# Action item
From the records below, please repeat exactly the line that has "An ornate antiqued", the line that has "根据浮力原理,浮子在测量管内", and every line between them, and nothing else.

# Supplied information
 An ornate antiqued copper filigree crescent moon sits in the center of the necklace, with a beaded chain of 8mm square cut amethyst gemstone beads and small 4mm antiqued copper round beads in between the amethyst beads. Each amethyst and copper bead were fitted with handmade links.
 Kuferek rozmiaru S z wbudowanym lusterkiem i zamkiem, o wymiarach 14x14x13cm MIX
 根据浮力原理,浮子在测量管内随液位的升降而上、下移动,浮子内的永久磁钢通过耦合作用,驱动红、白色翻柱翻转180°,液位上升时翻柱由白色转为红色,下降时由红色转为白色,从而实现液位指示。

* * *

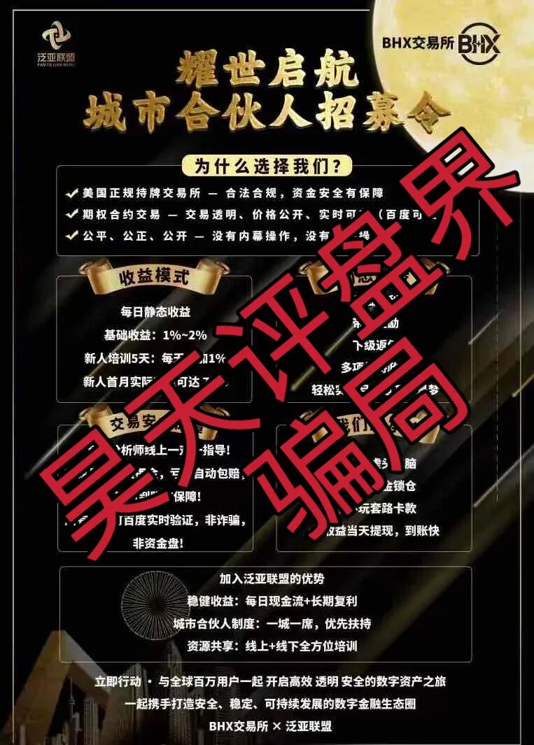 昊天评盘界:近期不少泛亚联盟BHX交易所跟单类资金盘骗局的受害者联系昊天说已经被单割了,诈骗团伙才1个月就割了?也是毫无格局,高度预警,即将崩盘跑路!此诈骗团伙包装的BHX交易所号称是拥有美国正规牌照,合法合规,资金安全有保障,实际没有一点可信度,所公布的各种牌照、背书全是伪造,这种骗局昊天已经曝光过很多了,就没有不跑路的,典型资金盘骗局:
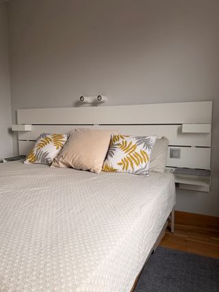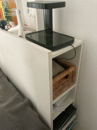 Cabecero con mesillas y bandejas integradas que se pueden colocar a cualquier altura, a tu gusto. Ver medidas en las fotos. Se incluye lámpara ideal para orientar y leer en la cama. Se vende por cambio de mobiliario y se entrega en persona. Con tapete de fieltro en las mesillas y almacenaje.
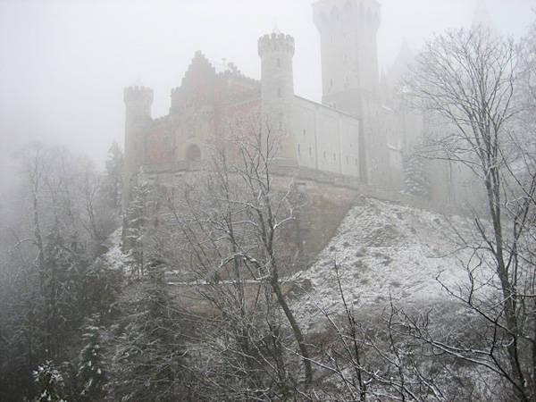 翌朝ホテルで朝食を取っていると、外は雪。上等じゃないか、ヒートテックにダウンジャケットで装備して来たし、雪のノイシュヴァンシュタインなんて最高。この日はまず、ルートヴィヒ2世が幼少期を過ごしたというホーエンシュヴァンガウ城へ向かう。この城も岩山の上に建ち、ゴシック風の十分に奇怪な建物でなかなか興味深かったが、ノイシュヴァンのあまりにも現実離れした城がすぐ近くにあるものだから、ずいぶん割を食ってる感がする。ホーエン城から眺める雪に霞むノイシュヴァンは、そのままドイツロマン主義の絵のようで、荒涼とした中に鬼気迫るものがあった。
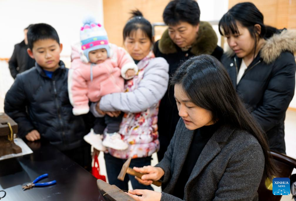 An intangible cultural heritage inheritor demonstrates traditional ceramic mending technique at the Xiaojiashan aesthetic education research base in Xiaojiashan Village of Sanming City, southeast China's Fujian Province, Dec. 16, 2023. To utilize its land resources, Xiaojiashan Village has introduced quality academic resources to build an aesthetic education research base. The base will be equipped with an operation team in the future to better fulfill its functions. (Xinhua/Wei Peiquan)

* * *

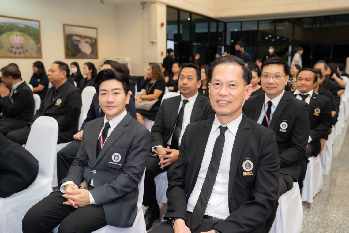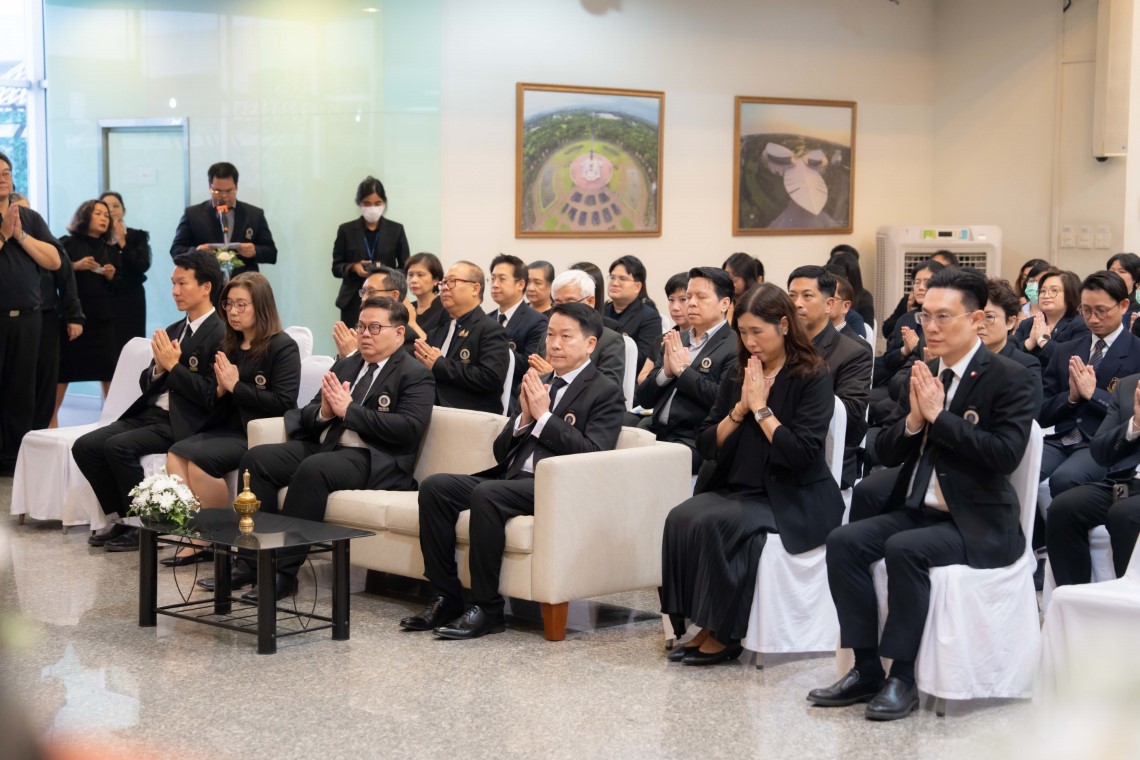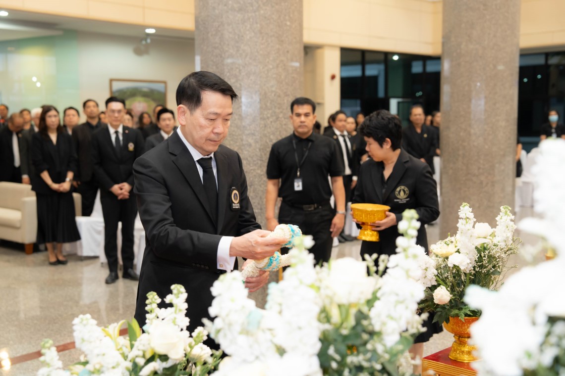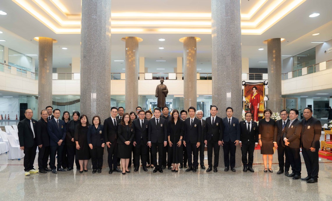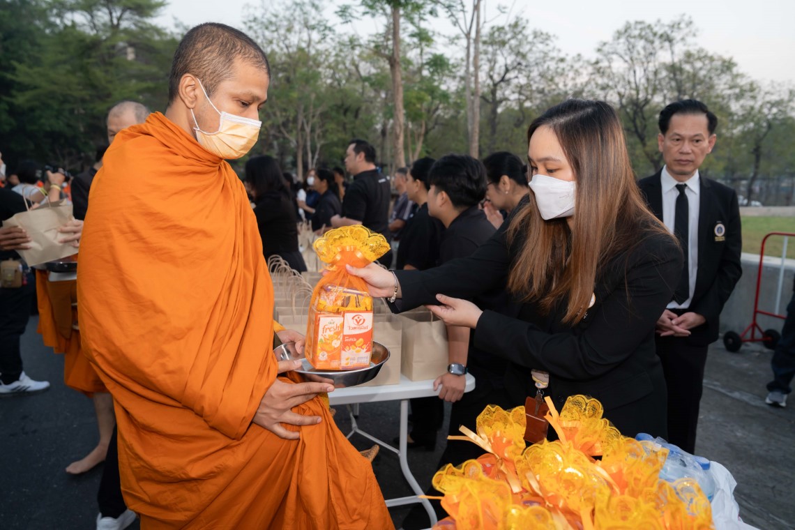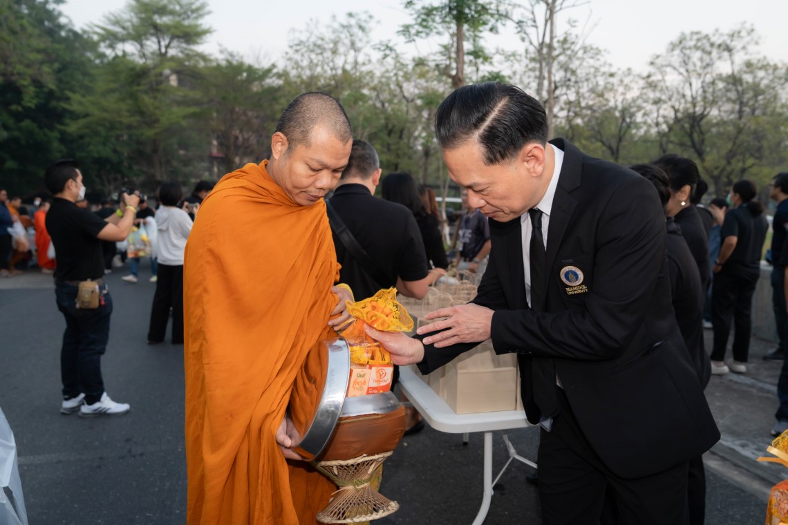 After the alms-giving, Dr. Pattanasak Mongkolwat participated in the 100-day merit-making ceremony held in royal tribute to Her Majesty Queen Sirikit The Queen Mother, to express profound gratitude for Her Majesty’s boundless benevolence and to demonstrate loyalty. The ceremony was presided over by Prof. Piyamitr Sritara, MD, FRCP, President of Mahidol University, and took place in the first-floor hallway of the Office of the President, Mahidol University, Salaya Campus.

# Result of the task
 An ornate antiqued copper filigree crescent moon sits in the center of the necklace, with a beaded chain of 8mm square cut amethyst gemstone beads and small 4mm antiqued copper round beads in between the amethyst beads. Each amethyst and copper bead were fitted with handmade links.
 Kuferek rozmiaru S z wbudowanym lusterkiem i zamkiem, o wymiarach 14x14x13cm MIX
 根据浮力原理,浮子在测量管内随液位的升降而上、下移动,浮子内的永久磁钢通过耦合作用,驱动红、白色翻柱翻转180°,液位上升时翻柱由白色转为红色,下降时由红色转为白色,从而实现液位指示。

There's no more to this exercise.